Почувствовал я у себя внутри, что обязан быть в Гарбузах, ну, обязан, да и только! Просто — быть там, пройтись по деревне, подышать родным воздухом, войти в родную хату и сказать: «Со Святым вечером вас» — и больше ничего, — и обратно.
Да где ж тут думать об этом, когда до Гарбузов целых сорок верст? Извозчика, что ли, взять? Так, первое — будет он везти тебя до скончания века, а второе — никаких денег нет, чтоб ему заплатить. И осенила меня тогда сумасшедшая мысль, ну, просто сумасшедшая.
Спустился я по ступенькам лестницы во двор, — ни души. Сторож еще не выходил. Налево стоял сарай, а в том сарае была архиерейская конюшня. Ход-то я знал отлично, и все в архиерейском доме было мне доподлинно известно; а в конюшне стояла пара великолепных архиерейских лошадей. Заглянул я туда — кучера Вавилы нет. Эге, думаю, в кухне засел! Кутьи ждет! Тут уж я окончательно лишился рассудка. Нащупал я уздечку, надел на коня и взнуздал его.
А мороз так и вонзает в меня свои иглы. Нет, думаю, этак-то в казенном сюртучишке, пожалуй, того — окоченеешь… Иду обратно, — говорю вам: был окончательно разума лишен… Иду и думаю: пойти в комнату, взять пальто. Сейчас спрашивать станут: куда, зачем? Выйдут во двор, увидят. Нет, не идет.
А в коридоре на колышках парады висят. Не долго думая, схватил я первый попавшийся парад и обратно!
А вы знаете, что такое парад? Это длинный синий кафтан, от шеи до самого низу — на крючках, а на груди шнуры висят, как у жандармов. Опять в конюшню; взял я вороного архиерейского коня за узду и вывел. Сердце у меня так колотилось, что даже удивительно, как эконом не слышал его стука. Веду через двор. Вот церковь архиерейская, колокольня высится надо мною; и я думаю себе: «А что, как вдруг колокола возьмут да и начнут сами собой?» Вот и калитка, отворил я ее, вывел коня — и легче стало.
Оглянулся — во дворе тихо. Эх, думаю, сорок верст — много ли? Архиерейские кони шустрые, к утру вернусь… А что будет потом, об этом даже и мысли не приходило.

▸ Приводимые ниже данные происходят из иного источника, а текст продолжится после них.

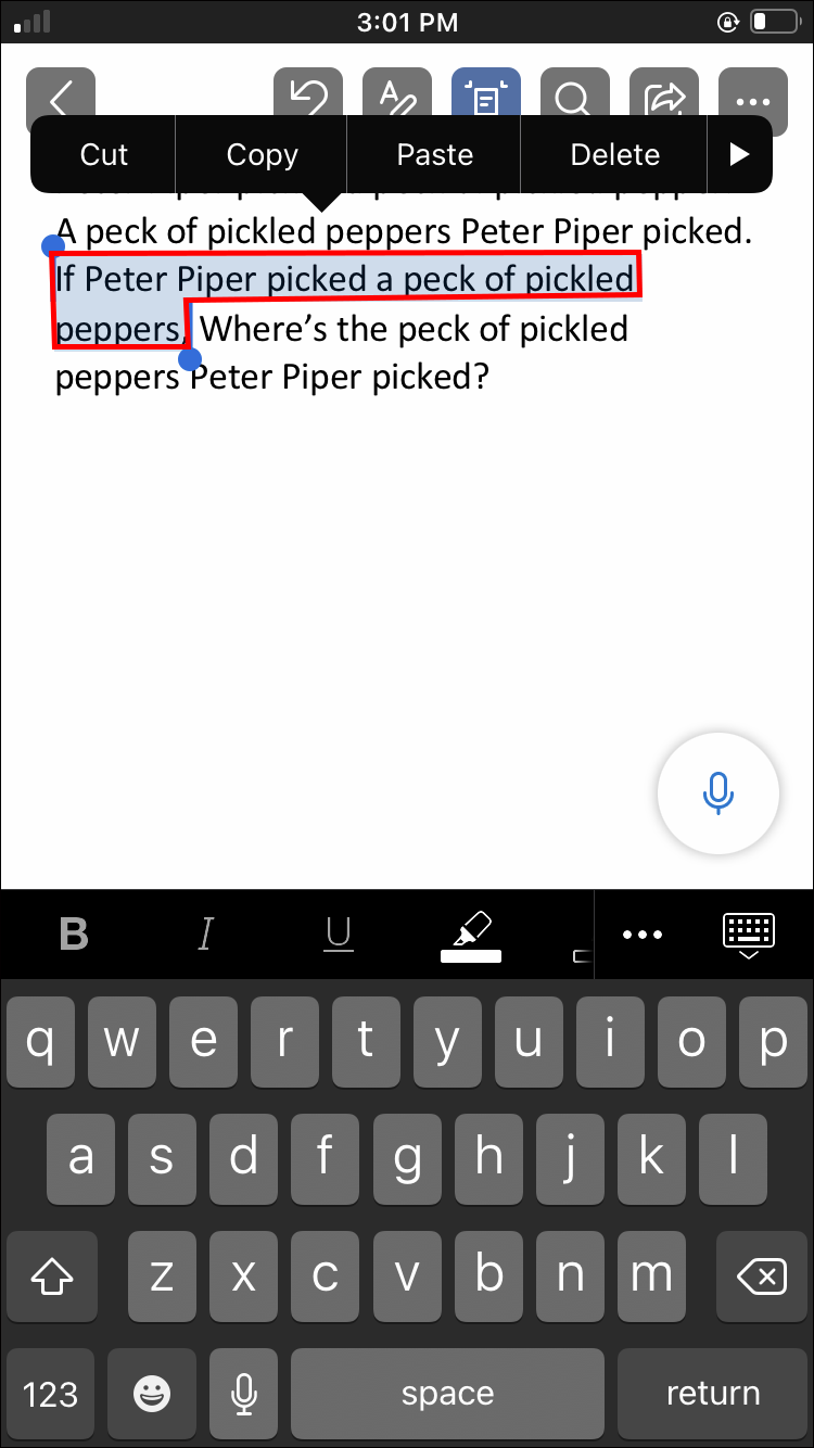 Rearranging pages, or “moving text,” in a Word document on your iPhone is similar to the methods used on other devices. You should use the cut-and-paste method. As previously noted, pay special attention when you select the text you’d like to move. It’s easy to miss a word or two, or even a few characters.

Вскочил я на коня, накинул на плечи парадный кафтан и марш… Городом еду тихо, конь не слушается, фыркает, выбираю глухие закоулки. А как выехал в поле, как хватил его в бока сапогами, как гаркнул своим молодым громовым басом, — конь испугался, да вскачь и несет, несет меня… А полы парадного кафтана вздуваются, как крылья огромной птицы, шапка слетела с головы, космы мои развеваются по ветру… Хорош, должно быть, был я в то время. Настоящий, прости меня Господи, ночной бес!
А надо мной небо звездное, подо мной и кругом меня ровное снежное поле… Почуяв волю, обезумели мы оба — и я, и конь; весело нам было обоим, и такое счастье переживали мы оба, какого в другой раз не случалось мне пережить, да, должно быть, и ему.
И забыл я в то время и о семинарии, и о хоре, и даже о самом преосвященнейшем владыке. Мчусь, мчусь, все равно как в сказке Иванушка на Коньке-Горбунке. Мчусь и времени не знаю. Который час? А что мне до этого? Дивная ночь надо мною, и Гарбузы всё ближе… ну, вот и село мое родное.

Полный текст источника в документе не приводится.